Please give every line below again exactly, but not its pictures.

_INPUT DATA_.

- - -

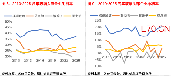 福耀玻璃专注汽车玻璃赛道,市占率有望持续提升。福耀玻璃近年来持续加大资本支出,聚焦高附加值玻璃新品研发,以及海外产能扩建,营收增速大幅跑赢竞争对手。此外福耀玻璃高度专注汽车玻璃,2025年汽车玻璃业务占比约91.5%,艾杰旭和圣戈班为多元化材料集团,玻璃占比分别长期维持在20%-30%和约10%,板硝子玻璃业务占比约为50%。福耀玻璃通过高度聚焦与高附加值策略,已实现长期稳定盈利,2010-2025年毛利率维持在35%以上,近3年净利率稳定在16%-19%,远高于竞争对手。
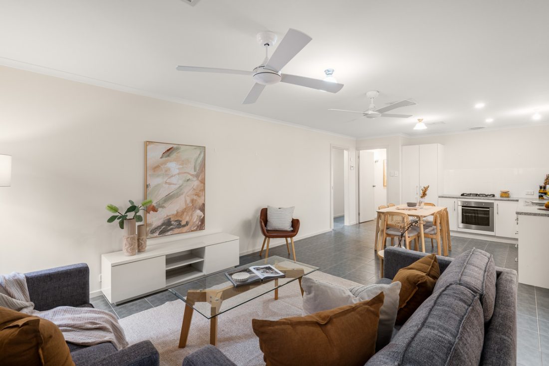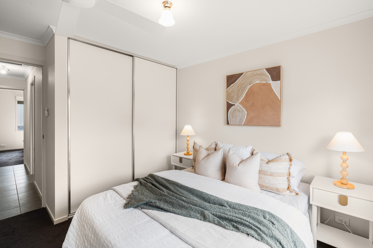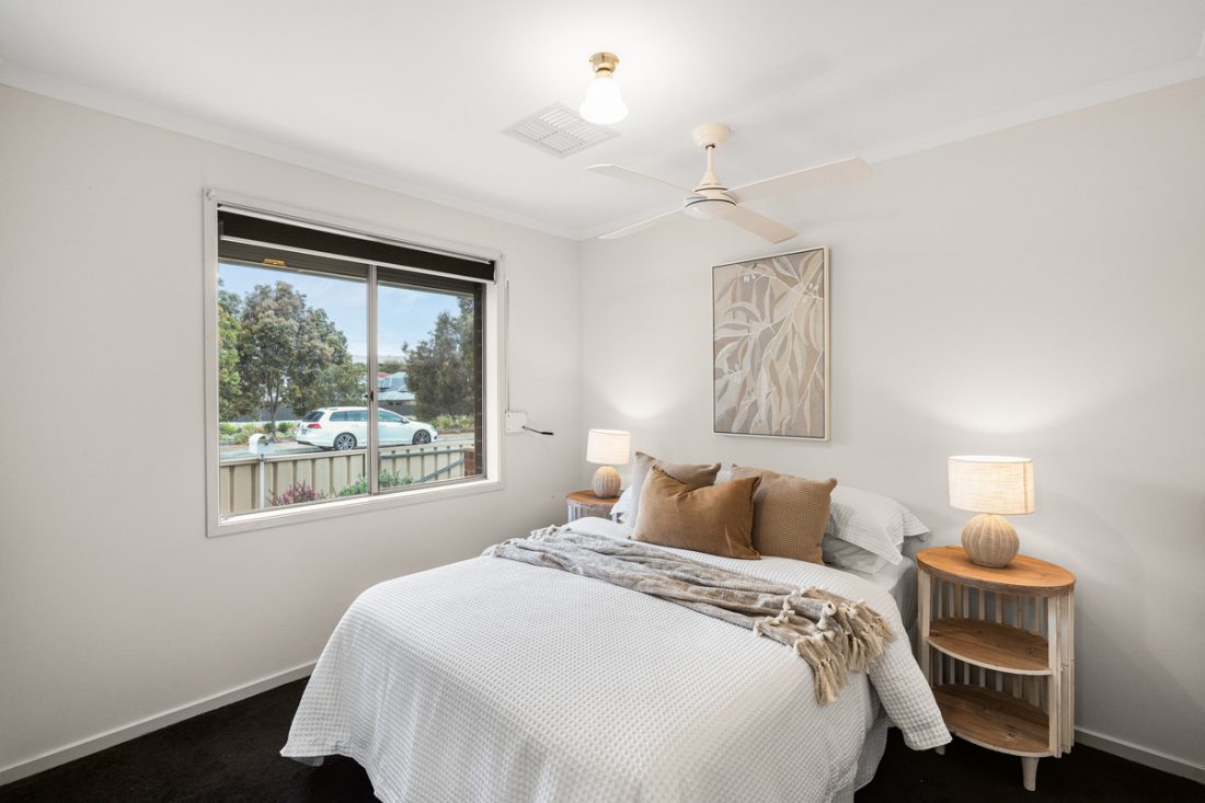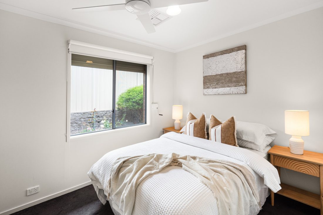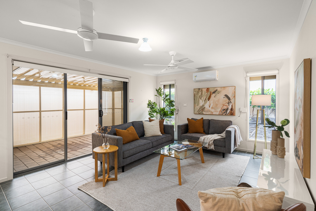 Soft white walls and ceiling fans throughout keep things fresh, while a split-system air-conditioner in the living area ensures year-round comfort. Two of the bedrooms feature built-in robes, adding to the home’s everyday ease.
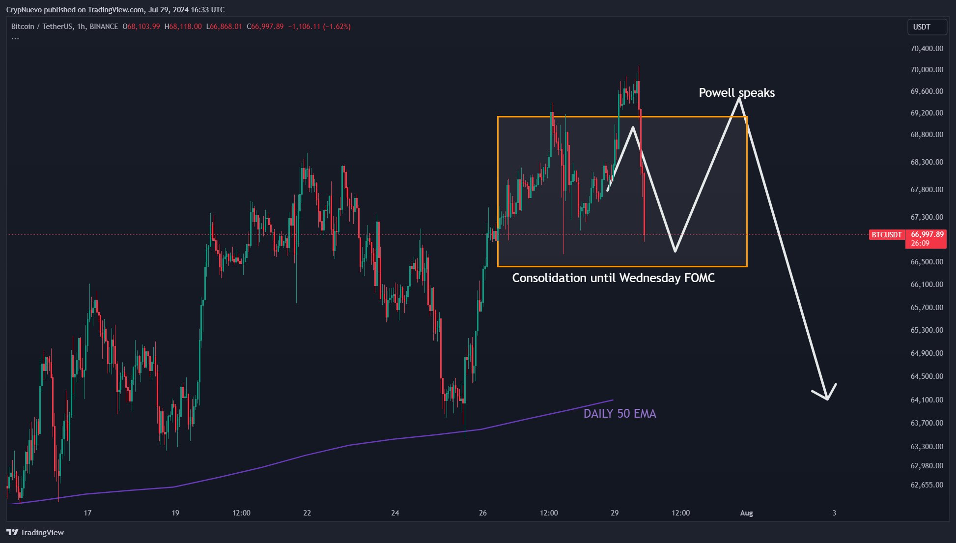 CrypNuevo đã tải lại biểu đồ hiện có cho thấy quỹ đạo giá BTC tiềm năng xung quanh quyết định của Fed, dự kiến công bố vào ngày 31 tháng 7.
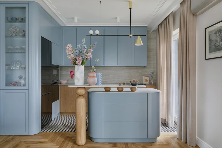 We wnętrzu dominują pastele, połączenie błękitu z różem wprowadza świeżość w przestrzeni, ale też warto zauważyć, jak te odcienie idealnie współgrają z elementami vintage, jak np. komoda w salonie. Te kolory stanowią też świetne tło do wielu dodatków, które znajdują się w tym wnętrzu. Pamiątki, grafiki, kwiaty i książki to elementy, które pokazują charakter właścicielki. Nie można nie wspomnieć o kuchni, a właściwie o wyspie kuchennej, która kradnie uwagę, a to za sprawą niezwykle oryginalnej nogi.

- - -

_RESPONSE AREA_.
 福耀玻璃专注汽车玻璃赛道,市占率有望持续提升。福耀玻璃近年来持续加大资本支出,聚焦高附加值玻璃新品研发,以及海外产能扩建,营收增速大幅跑赢竞争对手。此外福耀玻璃高度专注汽车玻璃,2025年汽车玻璃业务占比约91.5%,艾杰旭和圣戈班为多元化材料集团,玻璃占比分别长期维持在20%-30%和约10%,板硝子玻璃业务占比约为50%。福耀玻璃通过高度聚焦与高附加值策略,已实现长期稳定盈利,2010-2025年毛利率维持在35%以上,近3年净利率稳定在16%-19%,远高于竞争对手。
 Soft white walls and ceiling fans throughout keep things fresh, while a split-system air-conditioner in the living area ensures year-round comfort. Two of the bedrooms feature built-in robes, adding to the home’s everyday ease.
 CrypNuevo đã tải lại biểu đồ hiện có cho thấy quỹ đạo giá BTC tiềm năng xung quanh quyết định của Fed, dự kiến công bố vào ngày 31 tháng 7.
 We wnętrzu dominują pastele, połączenie błękitu z różem wprowadza świeżość w przestrzeni, ale też warto zauważyć, jak te odcienie idealnie współgrają z elementami vintage, jak np. komoda w salonie. Te kolory stanowią też świetne tło do wielu dodatków, które znajdują się w tym wnętrzu. Pamiątki, grafiki, kwiaty i książki to elementy, które pokazują charakter właścicielki. Nie można nie wspomnieć o kuchni, a właściwie o wyspie kuchennej, która kradnie uwagę, a to za sprawą niezwykle oryginalnej nogi.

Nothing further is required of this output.